Our team addressed the lack of datasets with people wearing masks by using data augmentation techniques. One may enhance their existing datasets (or publicly available ones) by overlaying masks on top of people’s faces. Training facial analysis models such as face detection and sex prediction become an easier task once you do this.
A researcher at Georgia Tech is managing an open-source project called “Mask The Face.” The source code is available on GitHub and can be used to convert face datasets into masked-face datasets.
Running the software package on your images is a cinch!
cd MaskTheFace
# Generic
python mask_the_face.py --path <path-to-file-or-dir> --mask_type <type-of-mask> --verbose --write_original_image# Example
python mask_the_face.py --path 'data/office.jpg' --mask_type 'N95' --verbose --write_original_image
Source code and further details can be found on the GitHub project page.
Using the software extensively is expected to produce a few inconsistent results. In some cases, it works extremely well and addresses variations in head pose and lighting conditions. In other cases, the algorithm will miss faces or misplace the mask in the presence of strong head pose variation and lighting aberrations. This is due to the performance of the face detector used in the project.

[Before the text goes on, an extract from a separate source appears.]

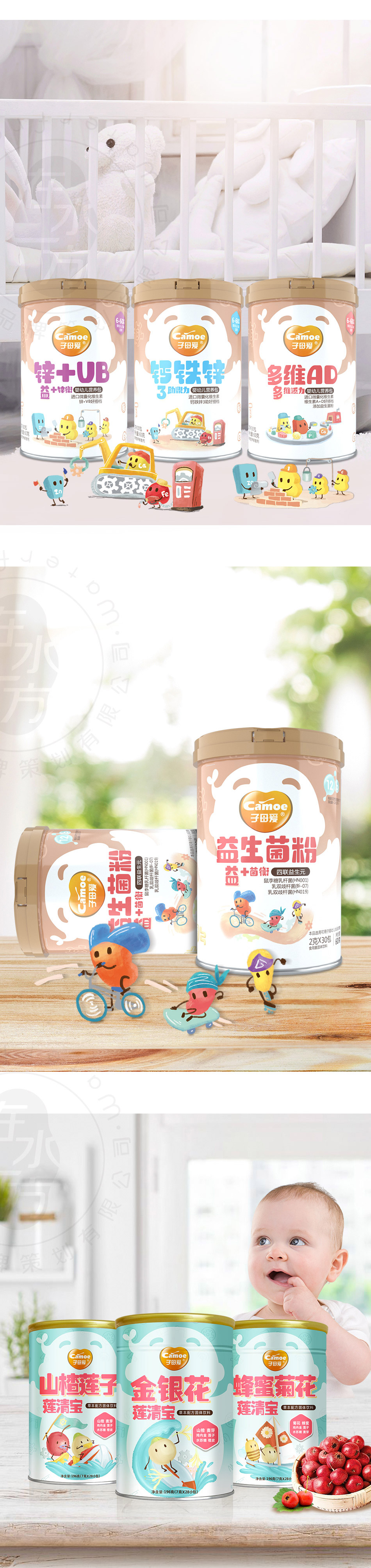 項(xiàng)目方案:子母愛品牌圍繞嬰童輔食營養(yǎng)品領(lǐng)域打造有情感有品質(zhì)有親和力的品牌形象,迎合當(dāng)前年輕消費(fèi)市場(chǎng)的審美和體驗(yàn)需求,用原創(chuàng)性手繪風(fēng)格增加產(chǎn)品訴求力,提升陳列效果的同時(shí)也有助于品牌口碑和營銷的推進(jìn)。

Even though some faces in the training set will not be masked this is generally okay because the overall dataset would comprise both masked and unmasked faces (see training section below). In addition, one may also use different detector options which are more robust for better results. All in all, the method is resilient and practical.
As you may see in the corresponding sample pictures, the referenced method produces realistic results. One may also choose from a variety of different masks to increase the diversity of face coverings in the dataset. The options include different patterns, colors, and intensity values.

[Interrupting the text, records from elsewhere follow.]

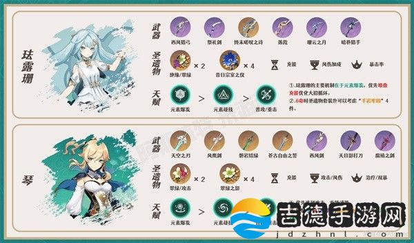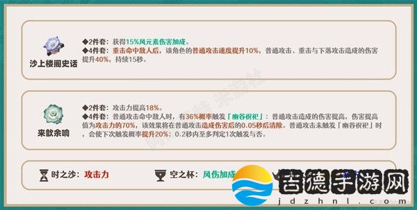 ②.中期过渡可以选择攻击2件(角斗/追忆/辰砂/余响)、风伤2件(沙楼/翠绿)的相互2+2散搭组合。
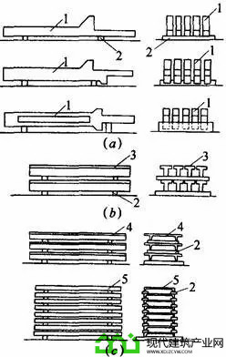 普通柱、梁、板的堆放方法,分别如下图(a)、(b)、(c)所示。
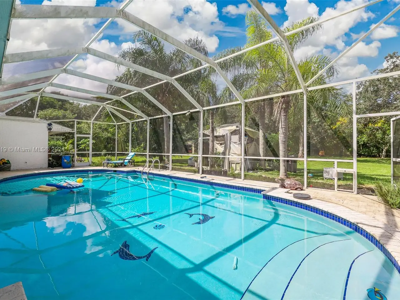 With four bedrooms, three bathrooms, and maid's quarters on over 1.2 acres, this estate home offers something for everyone. Enjoy barbecuing around the Chicago Brick BBQ Grill, and relax by the pool in the large screened patio. There's plenty of space for gatherings indoors with a large living room and formal dining room. Supermarkets, stores, and dining are conveniently located within a mile. There is ample space for watercraft and recreational vehicles. Parks and marinas are located within 11 miles. For those who love gardening, there is plenty of room to plant fruit trees. Two double-car garages are perfect for storing your prized vehicles. For sports lovers, the Sports Complex is only 0.5 miles away. Thoughtfully upgraded with recently installed wrap-around impact glass, roof, air conditioning and more!
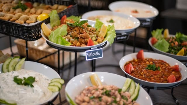 Chou-fleur et aubergine grillés, taboulé, fatayer aux épinards, beignet au fromage, falafel, houmous, fassolia

There are many different ways to train facial analysis models whether this pertains to detection, recognition, sex, age group, and/or sentiment. For the purposes of this guide we will focus on sex prediction assuming the images have already been cropped and aligned using a detection module which is already robust with occluded faces.
We trained our own classification task head which received feature maps from a battletested backbone. This is code for illustration purposes for what would be a small but important component of a much larger system. Nonetheless, the principles remain the same and allowed us to achieve high accuracy across a wide range of tasks.